Developed during the QHACKS 2023 hackathon, GuardDrive is a project that utilizes computer vision and machine learning to detect and prevent distracted driving, making roads safer for all by reducing the risk of accidents caused by distractions.
According to the CDC motor vehicle safety division, one in five car accidents is caused by a distracted driver. Distracted driving is a serious issue that affects countless individuals and families every day, many of the accidents being fatal. Our team was driven by the desire to make a real impact in reducing the number of accidents caused by this dangerous behaviour. We were inspired to take on the challenge of creating an accurate computer vision machine learning model that could detect and deter distracted driving in real-time. We call our platform: GuardDrive.
These images are from the test database, however, the demo was made to work on a computer webcam and would save a new image every few frames and give a prediction based upon that saved image. Because tests during the hackathon could not be completed in a car, the environmental queues were not detected by the model, and indications of possible overfitting became apparent.

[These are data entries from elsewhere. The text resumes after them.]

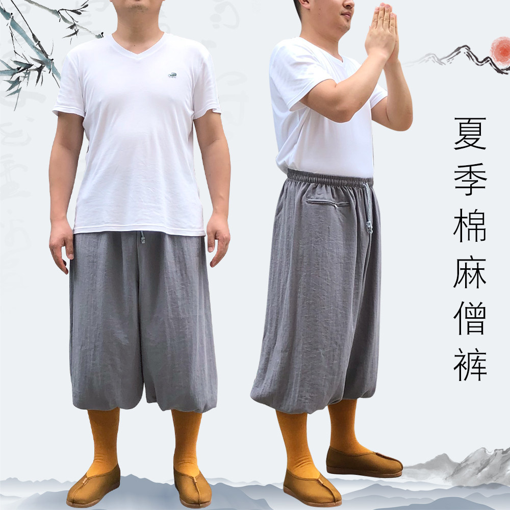 Miao и торжественный монах обслуживание монашкой одежды Zen Ремонт небольшое платье, мягкий хлопок, конопля, дышащий, прохладный, анти -пилот, летняя традиционная широко раскрытая монашные брюки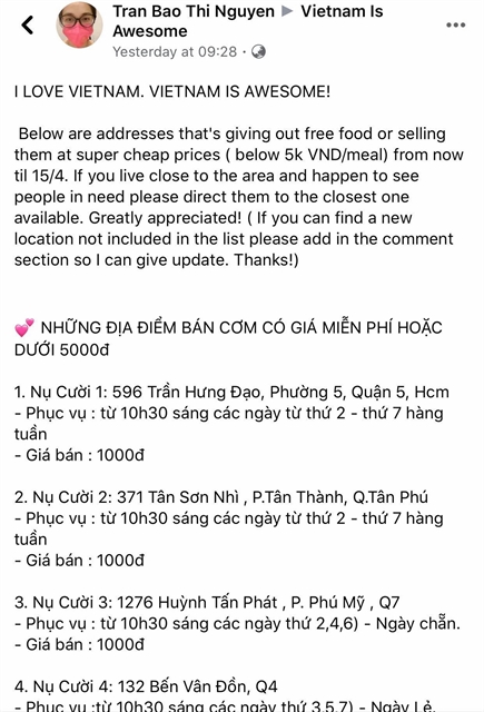 A Facebook user has gathered a list of restaurants that sell meals at a cheap price (below VNĐ5,000) or give them away for free, so readers can direct struggling locals to such restaurants.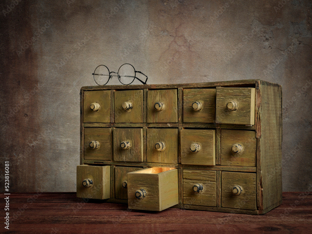 primitive wooden apothecary or catalog cabinet with light coming from the opened drawer - storage and sorting concept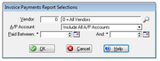 | 17:01, 16 March 2010 | Invoice Payment Report Selections.png (file) | 8 KB | Zach | Screen shot of Invoice Payments Report Selection. | 1 | |
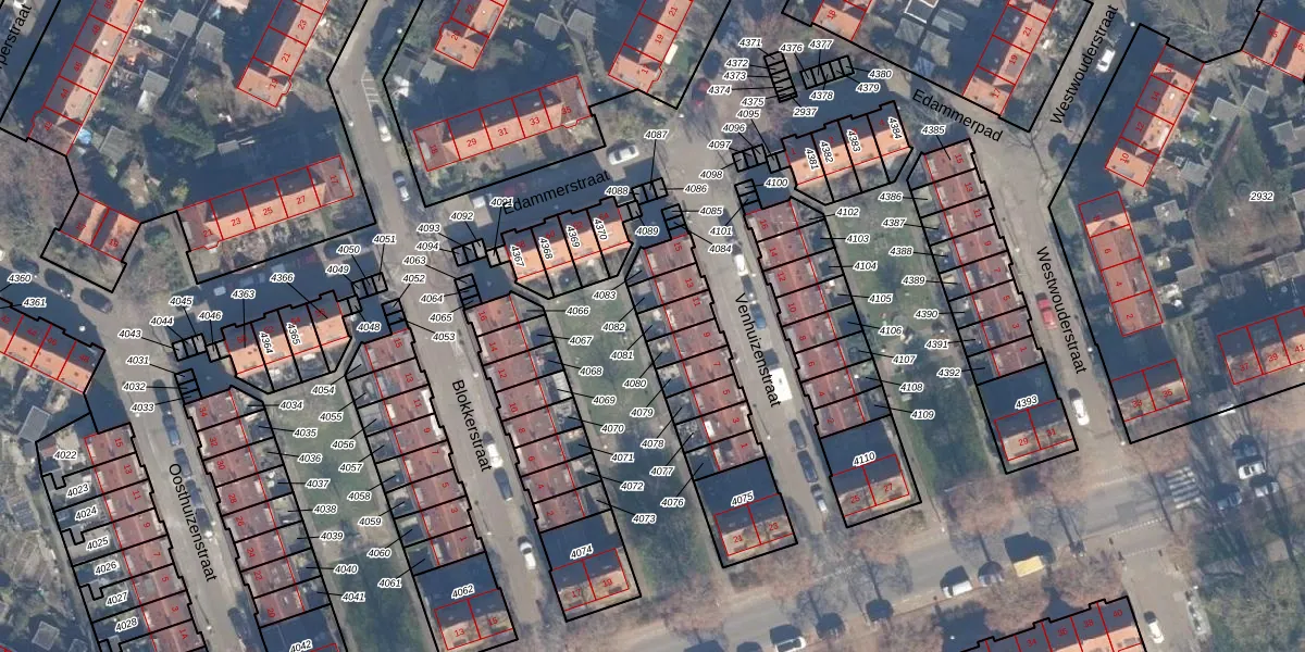 Gebruik de zoekbalk of klik op een perceel om informatie over het perceel te bekijken.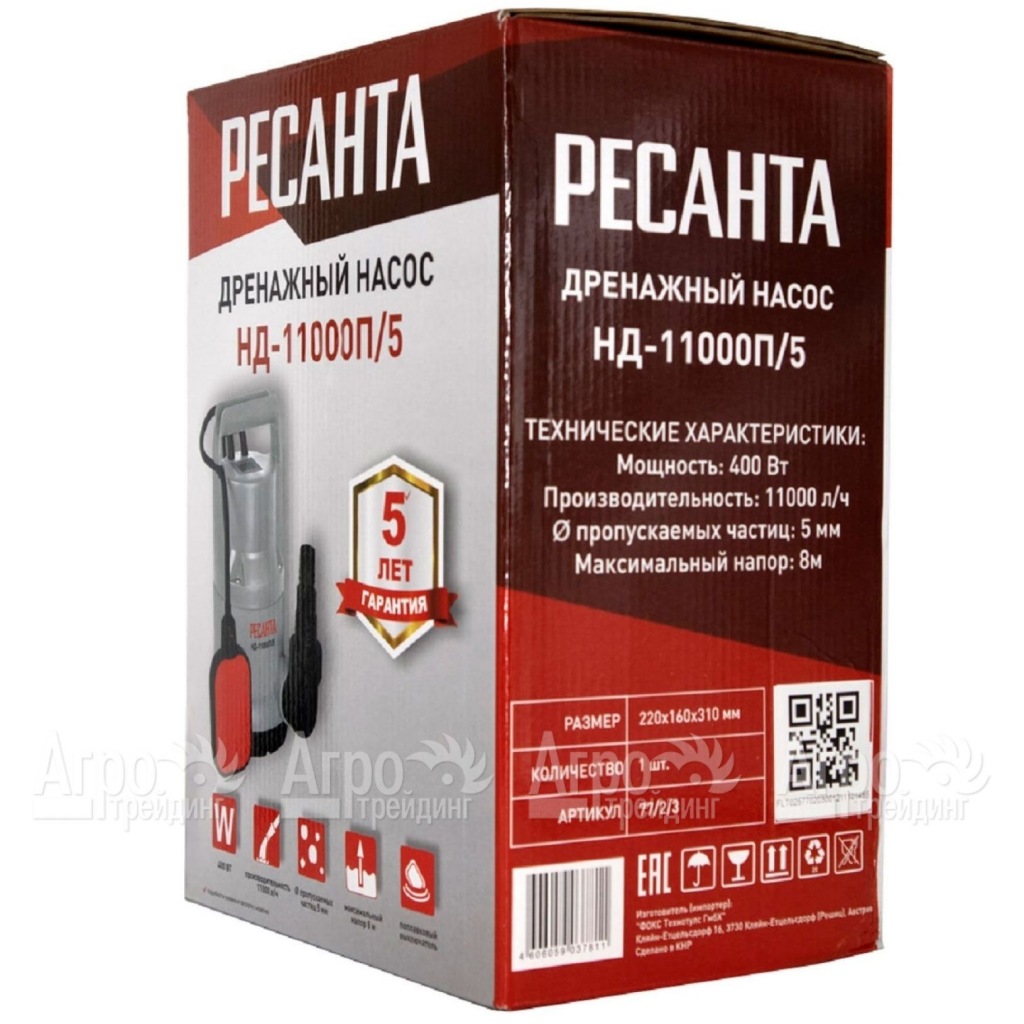 Дренажный насос Ресанта НД-11000П/5

Our model detects whether a driver is driving safely or is distracted at the wheel. There are 9 different distracted cases, which include texting while driving (right or left hand differentiation), reaching back, using the car's infotainment system, drinking, scratching, having one's head turned or being on a handheld phone call (with the right of left hand).
We used a computer's webcam to capture video simulating a driving experience as well as the different distracted driving cases. The program periodically saved images from the video and output its prediction to the console.
Using the Tensorflow and Keras libraries, I built and refined my team's model and trained it on a massive dataset of over 100,000 images provided by the State Farm insurance company, which, together, helped us to achieve a tested accuracy of 96%. The final implementation was built using PyQT for the GUI, which made it user-friendly and easy to use, although the GUI is not intended to be customer facing until a playback feature can be added.
The main challenge we encountered was recapturing test cases using the webcam from our laptops, which exposed us to the likely overfitting that happened with the large dataset used for training. Given that we did not recreate the testing environment in a car, the results given to to us were less accurate than the validation done with the test database.
Our solution has the potential to revolutionize the way insurance companies monitor and reward safe driving behaviour. It can also be used by trucking companies to ensure the safety of their drivers and protect their bottom line. Additionally, it can be used by parents to give them peace of mind when their children first start driving, or anyone interested in the benefits that come with monitored driving.
More over, we:
- Achieved a tested accuracy of 96% in detecting driver distractions.
- Built a highly reliable and scalable model, capable of handling a database of over 100,000 images, demonstrating the power of computer vision in solving real-world problems.
- Successfully integrated the model into a real-time application, demonstrating its potential for use in commercial systems.
- Demonstrated the effectiveness of computer vision in addressing a major problem in road safety and the potential to save lives by reducing the number of accidents caused by distracted driving.
- The model received recognition and praise from upper year mentors and volunteers during the hackathon.
- The importance of high quality data for training computer vision models.
- The challenge of detecting distraction in real-world driving scenarios.
- The potential for using computer vision to improve road safety.
- The effectiveness of transfer learning techniques in improving model accuracy.
- The limitations of current computer vision models in detecting subtle and diverse distraction behaviors.
What's next for GuardDrive? We could/hope to integrate video playback features so that interested parties can look back at flagged incidents to help better our users' driving practices and improve road safety for all.